[[ THE DATA, beginning ]]

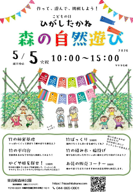 県立東高根森林公園 5/5 G.W.こどもの日「森の自然遊び」【川崎市】川崎市宮前区の東高根森林公園では、ゴールデンウィークにあわせて親子で楽しめる自然体験イベントを開催します。新緑に包まれた園内で、のびのびと体を動かしながら、森の魅力を体感できる内容が盛りだくさん。当日はキッチンカーの出店もあり、食も楽しめます。家族での思い出づくりにぴったりのイベントです。概要■開催日:2026年5月5日(火・祝)■時間:10:00~15:00(予定)■会場:東高根森林公園(ケヤキ広場ほか)■内容:自然遊び体験、親子向けアクティビティ など■参加費:無料(※一部有料プログラムあり)■対象:子どもから大人まで■主催:東高根森林公園【県立東高根森林公園について】川崎市宮前区に位置し、川崎市内唯一の県立公園です。神奈川県の天然記念物のシラカシ林や、弥生時代の集落跡である東高根遺跡(古代芝生広場)があります。また、園内には花の見どころも多く、湿生植物園など季節に応じた自然の歳時を見ることができます。
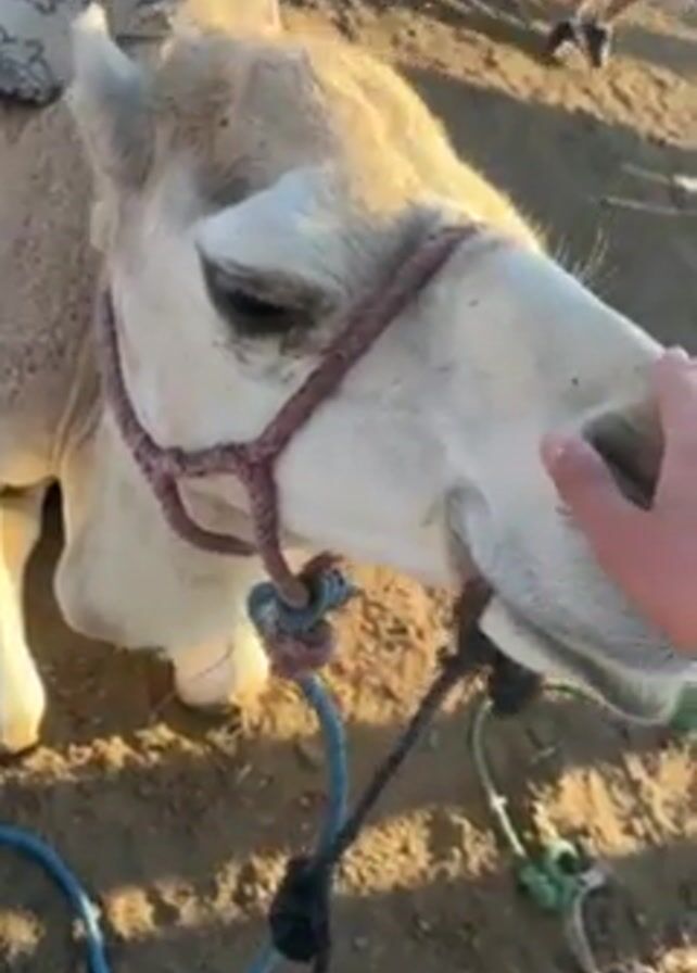- "A person is petting a camel on its face" by FM-uegzv2, licensed under CC BY 4.0
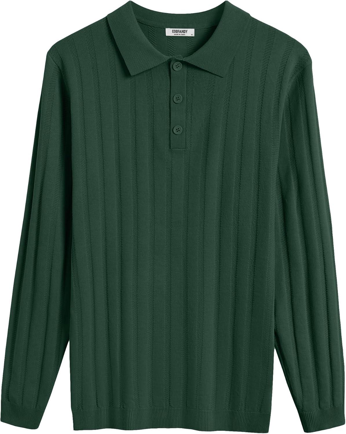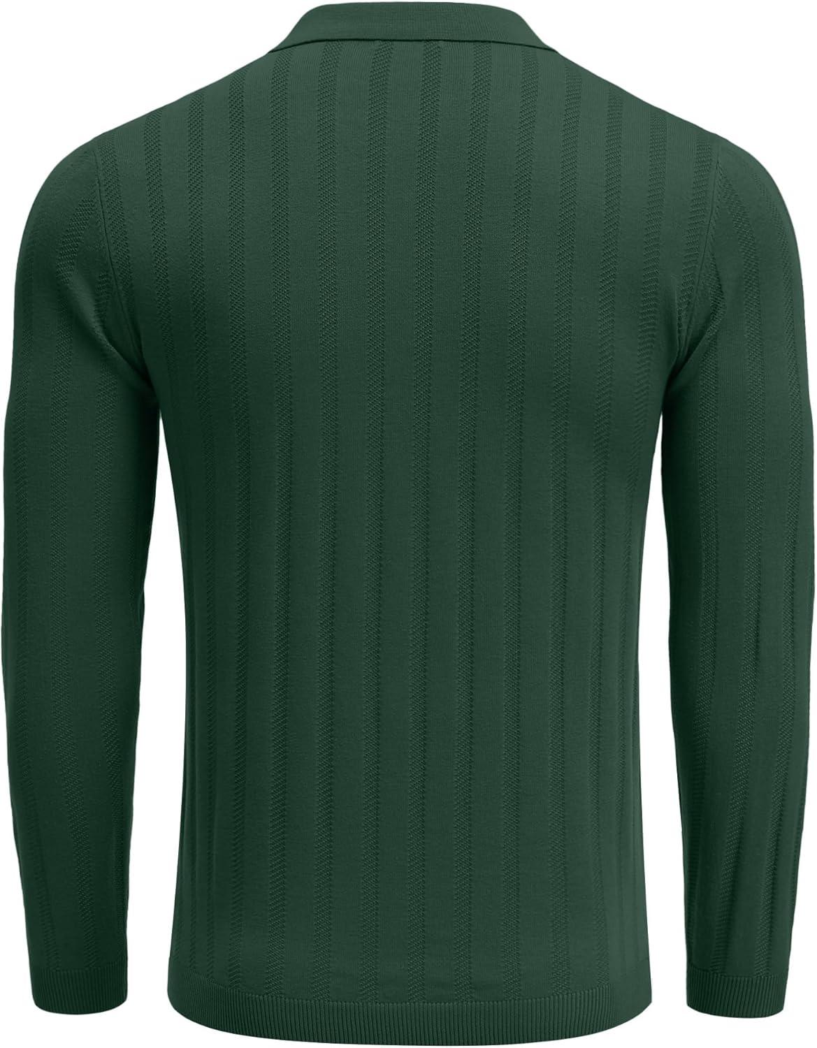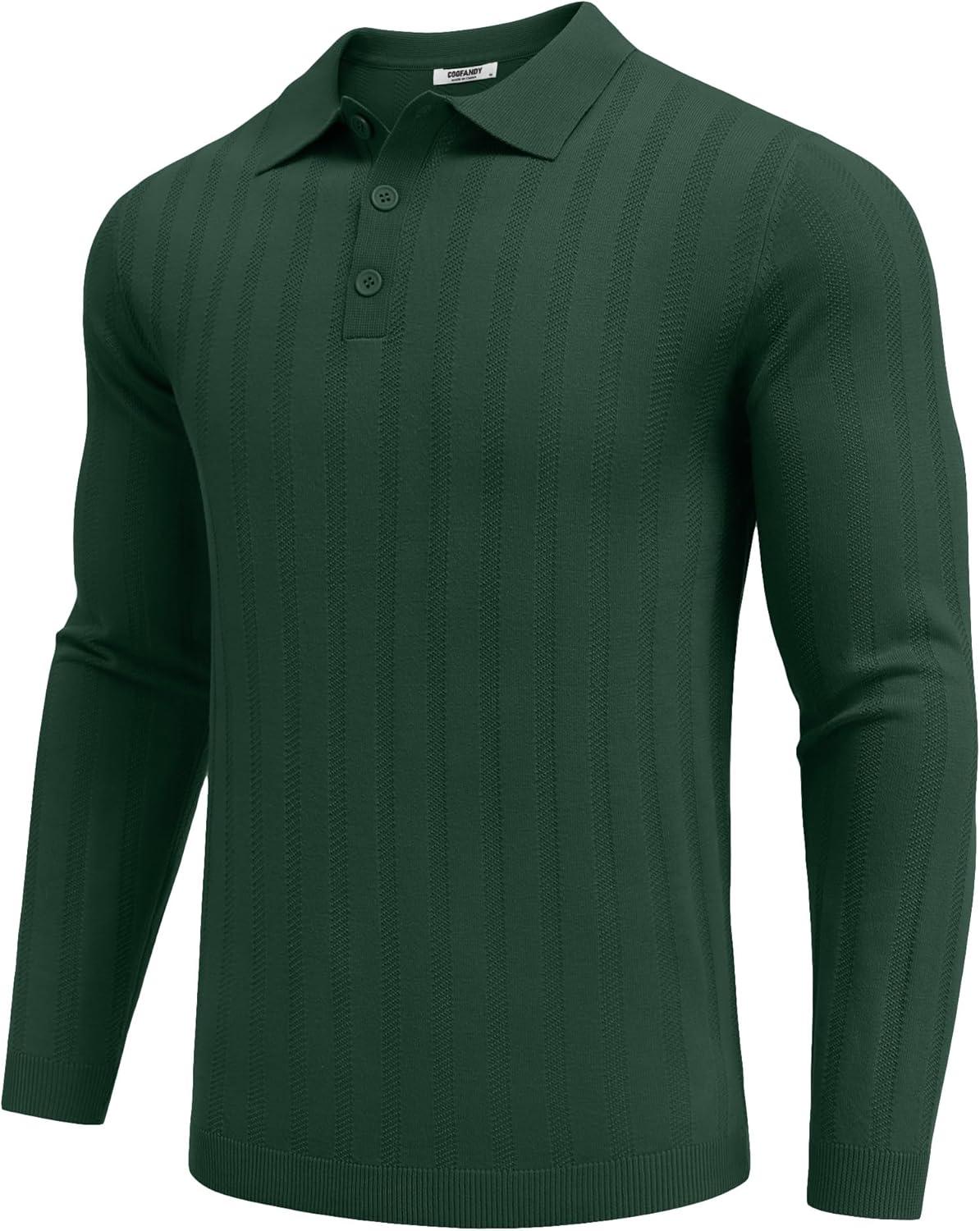 COOFANDY Men Knit Long Sleeve Polo Shirts Casual Dress Collared Sweater Pullover Button Down Golf Polo Shirts(Green)

[[ THE DATA, end ]]

Apart from the images, every line above needs to be printed again exactly.

 県立東高根森林公園 5/5 G.W.こどもの日「森の自然遊び」【川崎市】川崎市宮前区の東高根森林公園では、ゴールデンウィークにあわせて親子で楽しめる自然体験イベントを開催します。新緑に包まれた園内で、のびのびと体を動かしながら、森の魅力を体感できる内容が盛りだくさん。当日はキッチンカーの出店もあり、食も楽しめます。家族での思い出づくりにぴったりのイベントです。概要■開催日:2026年5月5日(火・祝)■時間:10:00~15:00(予定)■会場:東高根森林公園(ケヤキ広場ほか)■内容:自然遊び体験、親子向けアクティビティ など■参加費:無料(※一部有料プログラムあり)■対象:子どもから大人まで■主催:東高根森林公園【県立東高根森林公園について】川崎市宮前区に位置し、川崎市内唯一の県立公園です。神奈川県の天然記念物のシラカシ林や、弥生時代の集落跡である東高根遺跡(古代芝生広場)があります。また、園内には花の見どころも多く、湿生植物園など季節に応じた自然の歳時を見ることができます。
- "A person is petting a camel on its face" by FM-uegzv2, licensed under CC BY 4.0
 COOFANDY Men Knit Long Sleeve Polo Shirts Casual Dress Collared Sweater Pullover Button Down Golf Polo Shirts(Green)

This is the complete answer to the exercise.